You should replace `{api_url}` with the `api_url` value above, and `api_key` with your API Key.

#### 7.2 - Download the Dataset - From Jupyter Notebook (Here) Method

For now, this is fully documented or the implementation finalized. However, you may choose to instantiate an instance of `DatasetDownloader` and then call `download(...)` on it. For now, assume/expect this is subject to change as this is currently an internal class and method, but if you really want or need to do this all within the Jupyter notebook, this should work. The next shell shows how to do it.

In [2]:
# If you really want to do this, change this value to `True`.
DO_JUPYTER_DIRECT_DOWNLOAD: bool = False

if DO_JUPYTER_DIRECT_DOWNLOAD:
    import os
    
    from pathlib import Path
    
    from deweypy.auth import set_api_key
    from deweypy.downloads import DatasetDownloader, set_download_directory

    set_api_key("TODO-PUT-YOUR-API-KEY-HERE")
    # TODO: If you want, change the download directory.
    download_directory = Path(f".{os.sep}dewey-downloads")
    if not download_directory.exists():
        print(f"Creating download directory {download_directory}...")
        download_directory.mkdir(parents=True)
    set_download_directory(download_directory)
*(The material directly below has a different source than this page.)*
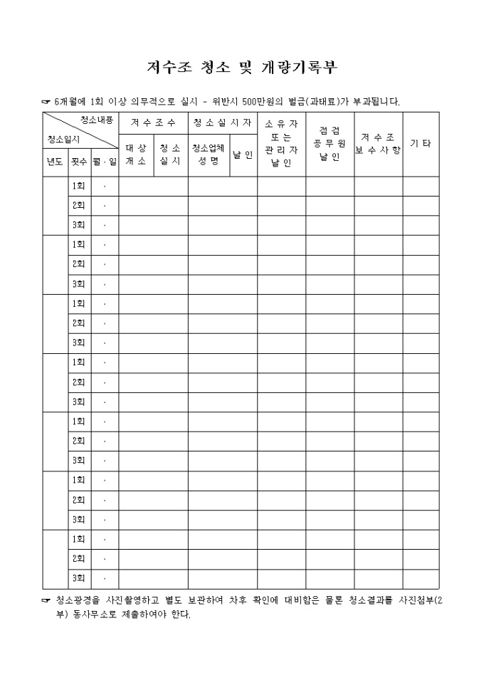 9,000원/월청소일시 별 저수조수, 청소실시자, 소유자 또는 관리자 날인, 점검공무원 날인, 저수조보수사항을 기록하는 저수조정수_및_개량기록부 양식입니다.

    # TODO (Dewey Team): Replace this with `api_url` without splitting
    # or whatever should be the main way to do this once it's all ready.
    downloader = DatasetDownloader(api_url.rsplit("/", 1)[-1])
    downloader.download()

### 8 - Interlude

So, you've got the dataset downloaded. Now what?

First of all, the dataset is now stored, as a collection of files (usually gzipped CSVs or parquet files) in the folder that the dataset got downloaded to.

So, *you can take it from here if you want*. You've successfully downloaded the data.

If you'd like to see some examples of how to load, transform, and work with the data in general, feel free to proceed with this notebook. But, you're free to take that data folder and process it however you see fit from this point.

### 9 - Examples

In [13]:
# Some useful imports
import os
from pathlib import Path

In [28]:
# These should all be properly defined based on the results above.
dewey_downloads_directory = Path(f".{os.sep}dewey-downloads")
assert dewey_downloads_directory.exists(), "Pre-condition"
# TODO: Replace with whatever your final sub-folder name ended up being.
this_dataset_sub_folder_name = "customized-monthly-patterns-example"
this_dataset_directory = dewey_downloads_directory / this_dataset_sub_folder_name
assert this_dataset_directory.exists(), "Pre-condition"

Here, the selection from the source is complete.